Fixes swapping of data and feature dimension to work in the general case. (#214)

kshiteejm · web-flow · commit 0f24e63167ac · 2023-04-12T07:19:06.000-07:00
Previous implementation was broken as using transpose assumes that `data_list` is a 2D array.

However, in certain cases (when all the feature values array lengths are the same) the `data_list` can be a 3D array as the call to
`data_list = np.array(list(dataset.as_numpy_iterator()), dtype=object)` 
merges inner np arrays and converts `data_list` into one big 3D array.
diff --git a/compiler_opt/tools/sparse_bucket_generator.py b/compiler_opt/tools/sparse_bucket_generator.py
@@ -170,7 +170,7 @@ def main(_) -> None:
   parser_fn = create_tfrecord_parser_fn(sequence_features)
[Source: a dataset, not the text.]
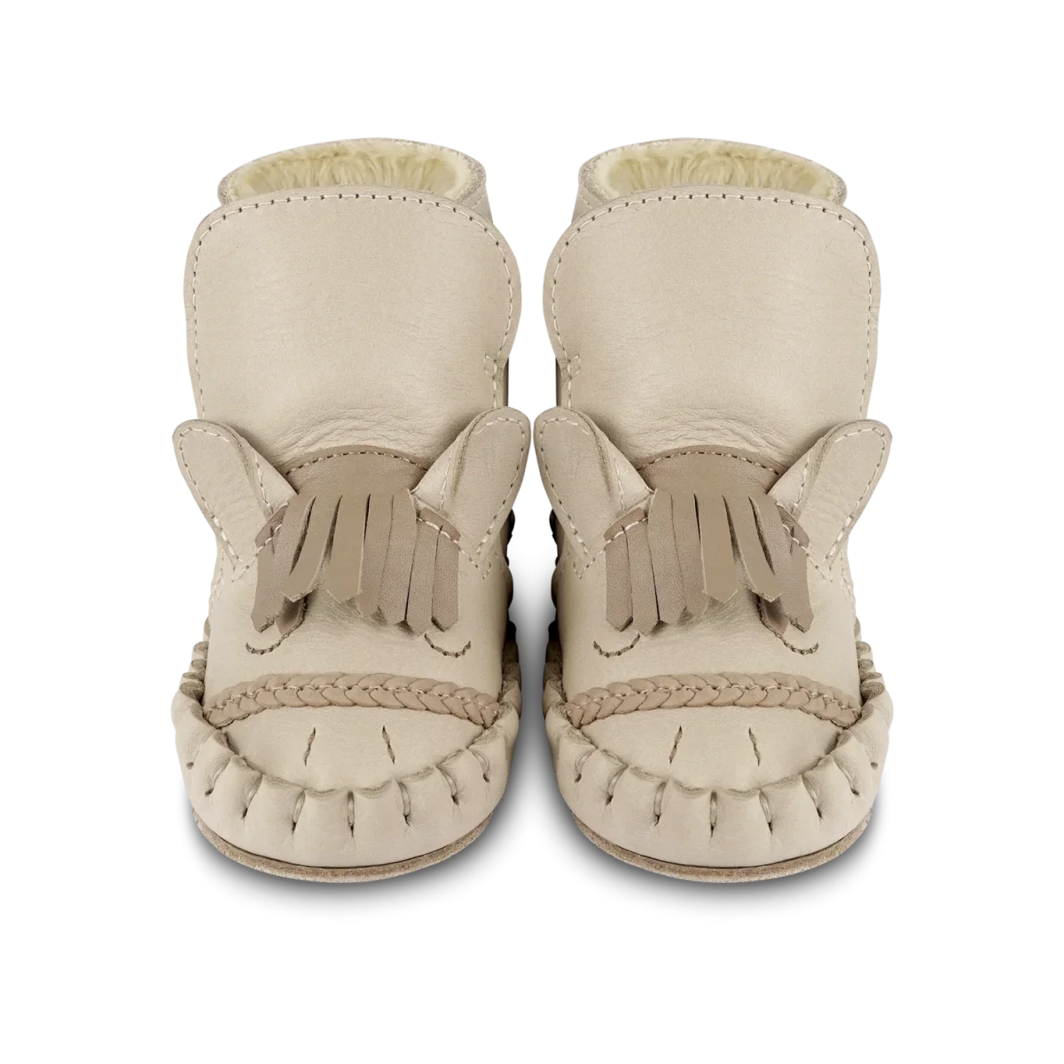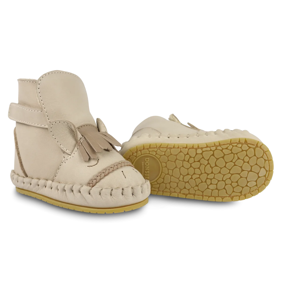 These warmly lined boots have a wide entry to fit every little foot. Our signature Donsje character, a Horse, on the toe of the shoe adds a unique, eye-catching detail to the design! The Kapi Special booties are perfect, well-fitting shoes for long-awaited winter walks! Made from 100% premium leather.

   dataset = dataset.map(parser_fn, num_parallel_calls=tf.data.AUTOTUNE)
   data_list = np.array(list(dataset.as_numpy_iterator()), dtype=object)
-  data_list = np.transpose(data_list, [1, 0])
+  data_list = data_list.swapaxes(0, 1)
 
   with mp.Pool(FLAGS.parallelism) as pool:
     feature_names = list(sorted(sequence_features))